Old Tamil Poetry

Translations of Tamil Poetic works that span 2000 years

Kundalakesi – 9

Death of our embryonic stage, death of our childhood,
Death of our adolescence, death of our passionate youth –
Dying repeatedly is the norm; same awaits us at old age too;
As we are dying everyday, why not we cry for ourselves too?

பாளையாம் தன்மை செத்தும்
பாலனாம் தன்மை செத்தும்
காளையாம் தன்மை செத்தும்
காமுறும் இளமை செத்தும்
மீளும்இவ் இயல்பும் இன்னே
மேல்வரு மூப்பும் ஆகி
நாளும் நாள் சாகின்றாமால்
நமக்கு நாம் அழாதது என்னோ!

Kundalakesi is one of the five great epics of Tamil literature. Three of these are Jainism based (Seevaka Sinthamani, Silappathikaaram, Valayaapathi) and two are Buddishm based (Manimekalai and Kundalakesi). Kundalakesi is estimated to have been written before 5th Century AD. Only 19 of the 99 verses of Kundalakesi are available today.

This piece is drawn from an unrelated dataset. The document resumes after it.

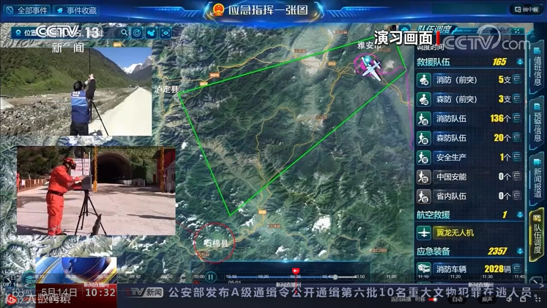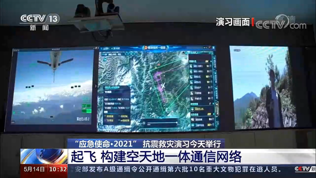 此次演习,在力量开进、应急通信、灾情侦察、现场救援、医疗救护等方面创新应用了一批新技术、新装备。在应急通信方面,现场构建了由通信卫星、翼龙无人机、宽带自组网设备、地面卫星便携站等组成的“空天地一体”应急通信系统,实现震区救援救灾全地域全时段通信畅通,解决了灾难现场断路断电断网的“三断”通信保障难题。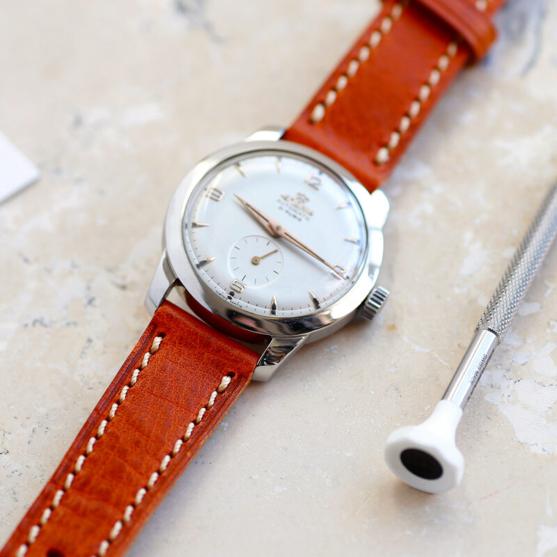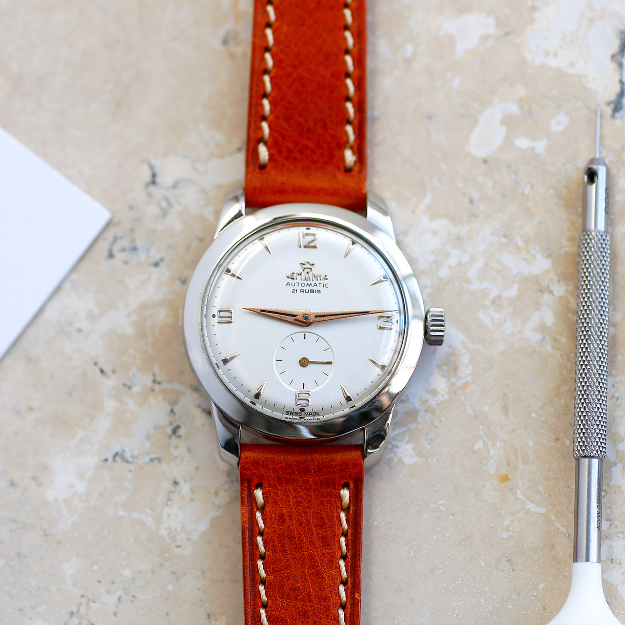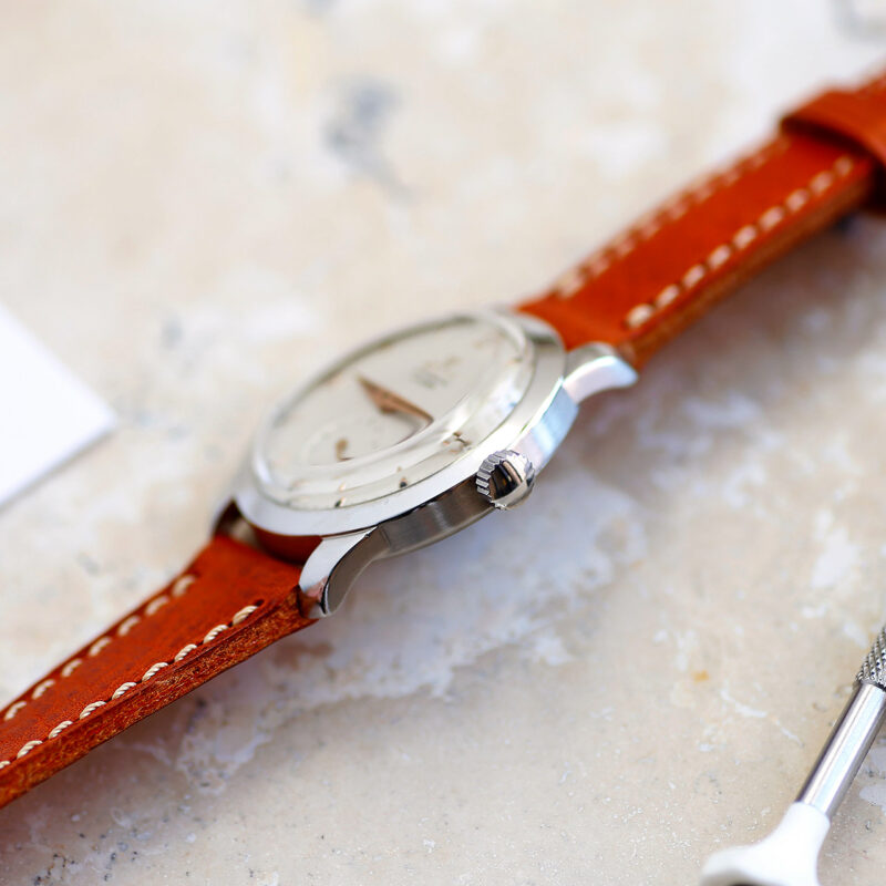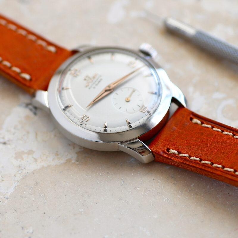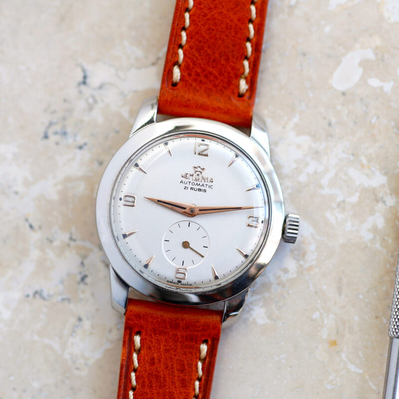 Presented with a new high-end stitched leather strap, this 1950s Lemania 288 Automatic has been lovingly restored by EmmyWatch, assuring you of both its quality and authenticity. Backed by EmmyWatch’s zero-headache warranty, this exquisite timepiece is not just a watch—it’s a piece of history that beckons to be worn and cherished for years to come. Dare to own a piece of horological heritage with this exceptional vintage wristwatch.

It is about Kundalakesi, daughter of a rich merchant in Puhar, who falls in love with a thief Kaalan about to be beheaded. Her father pleads with the King and saves Kaalan from death. After marriage one day she playfully calls him thief. Enraged by this , he plans to kill her and takes her to a mountain peak to push her down. When he tells this to her, she requests him to let her go around him three times as worship before being killed. He agrees. She goes behind him and pushes him down , killing him. Then she repents and becomes a Buddhist monk. She defeats Jain and Hindu scholars in theological debates.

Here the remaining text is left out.